New FTC report: a sneak preview of the coming regulated IoT

The US Federal Trade Commission (FTC), in a January, 2015 staff report titled 'Internet of Things: Privacy and Security in a Connected World', gives us a first glimpse of how Federal consumer protection policy for the IoT is likely to shape up.

The report warns of new risks, and familiar but amplified risks, stemming from the massively expanded attack surface that the IoT's billions of sensors and other networked devices - along with the copious amounts of data that they'll produce - will bring. Major areas of concern include:

  • Threats to personal safety and property - hackers disabling household locks, changing the settings on medical devices, commandeering cars, crashing drones into crowds of people, etc.
  • Harvesting and misusing personal information - everything we've been hearing about Internet privacy violations for the past few years, now coming to you on steroids. New and widely varied data sources - from sensors, for example - along with advances in data science, will allow marketers, cybercriminals, and other actors both friendly and otherwise, unprecedented insights into the attitudes and behavior of individuals. We're looking at a real double-edged sword here.
  • Compromised IoT devices, leveraged to launch attacks against consumer networks. Compromised consumer networks, leveraged to launch attacks against other networks. We've already seen cases of kitchen appliances being pressed into the service of botnets. That's just the beginning.

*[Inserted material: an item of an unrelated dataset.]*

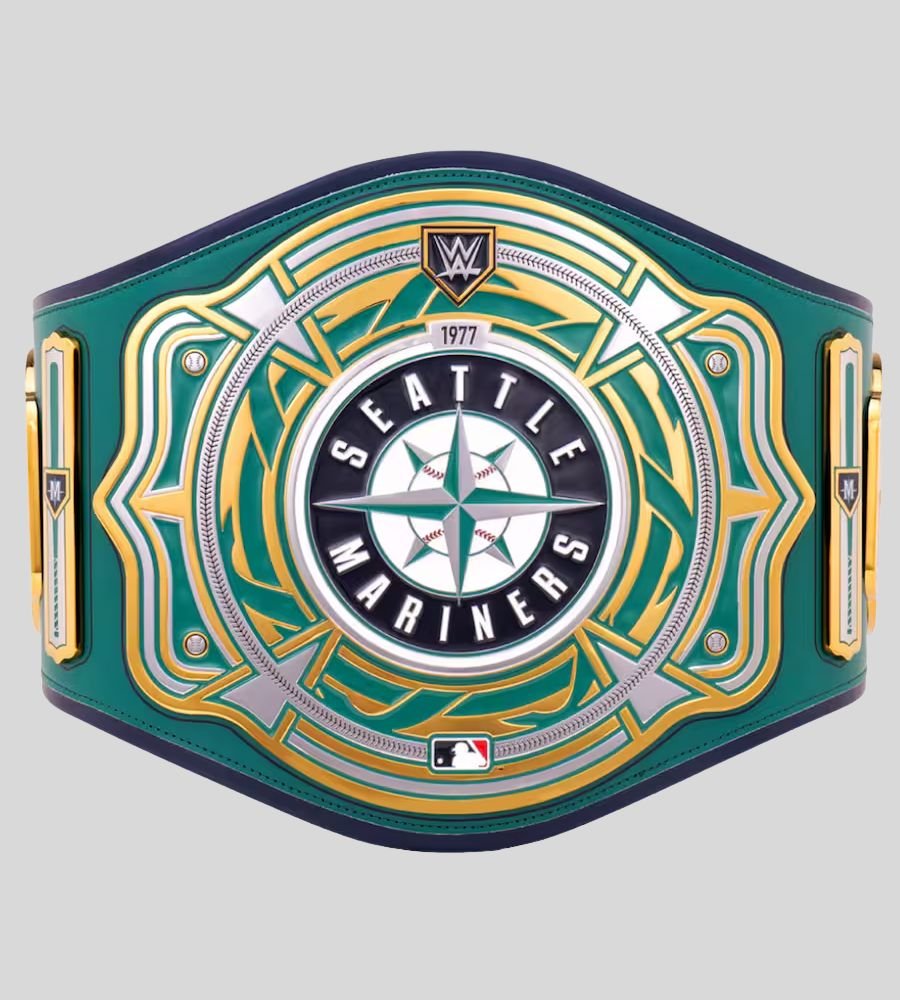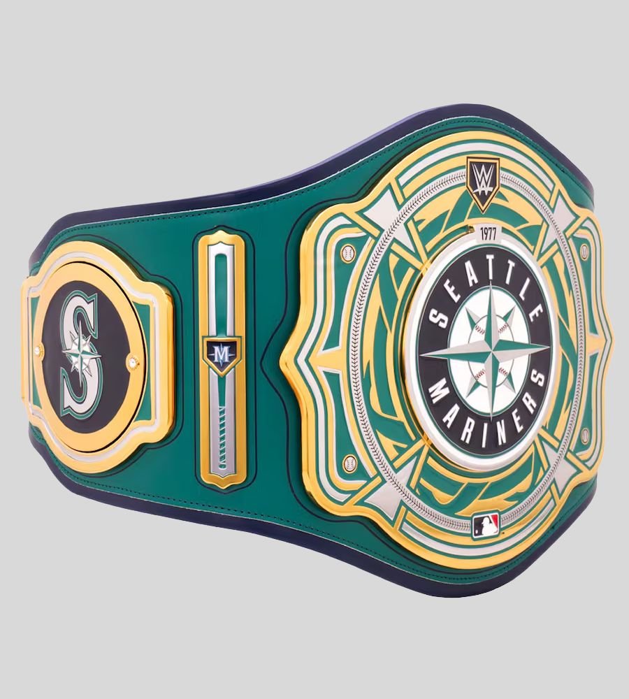 Own the Seattle Mariners Championship Belt with brass plates and green leather strap. WWE x MLB Legacy Title with customization options – perfect for Mariners fans.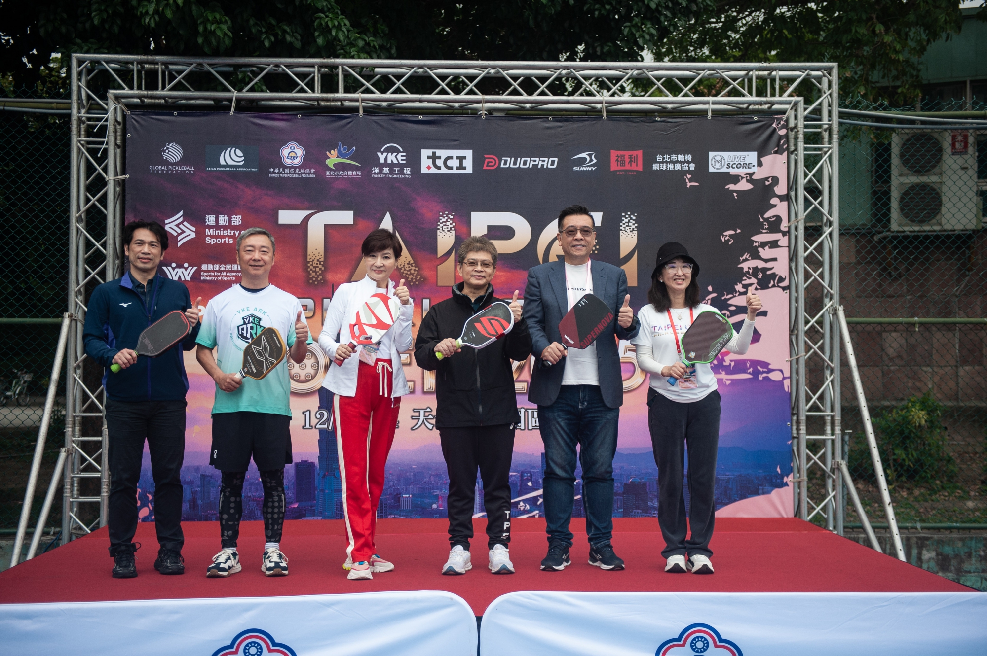 感謝運動部全民運動署 房瑞文署長、臺北市議會 葉林傳副議長、臺北市政府體育局 湯皓宇副局長、洋基工程 劉士源董事長、本會周曉琴理事長、方芳芳副理事長、洪國峻副理事長、陳煒翔副理事長、陳維良副理事長出席開幕儀式

The FTC notes that these risks might be exacerbated by vendors who don't understand the security ramifications of their IoT-enabled products, maybe due to inexperience (washing machine vendors never had to worry about cyber attacks before). Or, who are focused on marketing inexpensive products to the point that they believe basic security controls - the ability to patch a sensor's firmware when a vulnerability is found, for example - can't be economically built into the product.

Not surprisingly, the FTC recommends that security be taken into account when designing, building, and operating any IoT-enabled system, and recommends the following:

  • Reasonably limit collection and retention of consumer credit information ("data minimization").
  • Build security into products from day one by conducting initial risk assessments, designing the products according to data minimization principles, and testing security controls - before taking them to market.
  • Give security training to employees, and make sure security issues are addressed at the appropriate level of responsibility in the organization.
  • Retain service providers that are capable of maintaining reasonable security and oversight.
  • Implement a defense-in-depth strategy for systems where material risks are found.
  • Limit access to information systems (relating both to the product and the manufacturing organization) to authorized individuals.
  • Monitor products for vulnerabilities throughout their life cycle, and patch known vulnerabilities if possible.
  • Give heightened attention to security if the product poses physical security or safety risks, collects personal information, or connects to other devices/networks in a way unauthorized access is possible.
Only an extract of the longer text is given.